Before heating oven, set a rack in the center and then preheat to 350 F. Lightly grease 12-16 muffin cups with oil (butter), spray with non-stick spray, or line with cupcake liners.
In a medium bowl, whisk together all-purpose flour, Davis Baking Powder, spices, Clabber Girl Baking Soda, and salt. In another bowl, whisk together the sugars, vegetable oil, and eggs. Make a well in the center of dry ingredients and whisk in the egg mixture. Whisk until smooth then add in the pumpkin puree. Whisk until smooth again. Divide the cupcake batter evenly among the prepared cups. Bake for about 22 to 28 minutes, until the cupcakes spring back when pressed gently in the centers.
Frosting Preparation: Cream the mascarpone and cream cheese(s) using a stand mixer (or hand held beaters). Make sure to scrape the bowl several times, until frosting is smooth and lump-free. Sprinkle the powdered sugar evenly over the top, (do not mix above medium speed) and mix until smooth and incorporated. Add the vanilla and incorporate but do not over mix. If frosting is a bit runny, refrigerate for about an hour.

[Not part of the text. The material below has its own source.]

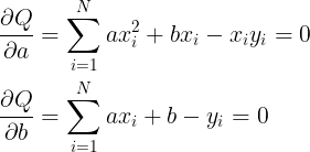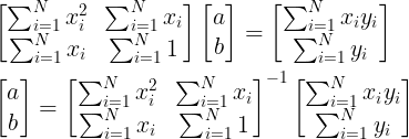%5E%7B-1%7D&space;%5Cbegin%7Bbmatrix%7D&space;x_%7B1%7D&space;&&space;x_%7B2%7D&space;&&space;x_%7B3%7D%5C%5C&space;1&space;&&space;1&space;&&space;1&space;%5Cend%7Bbmatrix%7D&space;%5Cbegin%7Bbmatrix%7D&space;y_%7B1%7D%5C%5C&space;y_%7B2%7D%5C%5C&space;y_%7B3%7D&space;%5Cend%7Bbmatrix%7D%5C%5C&space;&%5Cbegin%7Bbmatrix%7D&space;a%5C%5C&space;b&space;%5Cend%7Bbmatrix%7D&space;=&space;%5Cbegin%7Bbmatrix%7D&space;%5Csum_%7Bi=1%7D%5E%7BN%7Dx_%7Bi%7D%5E%7B2%7D&space;&&space;%5Csum_%7Bi=1%7D%5E%7BN%7Dx_%7Bi%7D%5C%5C&space;%5Csum_%7Bi=1%7D%5E%7BN%7Dx_%7Bi%7D&space;&&space;%5Csum_%7Bi=1%7D%5E%7BN%7D1&space;%5Cend%7Bbmatrix%7D&space;%5E%7B-1%7D&space;%5Cbegin%7Bbmatrix%7D&space;%5Csum_%7Bi=1%7D%5E%7BN%7Dx_%7Bi%7Dy_%7Bi%7D%5C%5C&space;%5Csum_%7Bi=1%7D%5E%7BN%7Dy_%7Bi%7D&space;%5Cend%7Bbmatrix%7D&space;%5Cend%7Balign*%7D)

Salty Caramel Preparation: Heat the sugar in a dry 9-inch heavy skillet over medium-low heat. Stir with a long metal spoon so that sugar heats evenly, until it starts to melt. Stop stirring and cook, swirling skillet occasionally so sugar melts evenly and becomes deep Amber.
Slowly add the cream (mixture will splatter) and cook for about 4 minutes on a low boil, stirring, just until all of the caramel has dissolved. Immediately transfer to a bowl and stir in sea salt. Strain and cool to room temperature.
Assembling Cupcakes: Spread the frosting over the cooled cupcakes or use a pastry bag with an open tip. Alternately, put the frosting in a thick plastic baggie and snip the corner with scissors to create a makeshift pastry bag. Pipe the frosting over the cupcakes. Drizzle with the salty caramel and sprinkle with the crystallized ginger.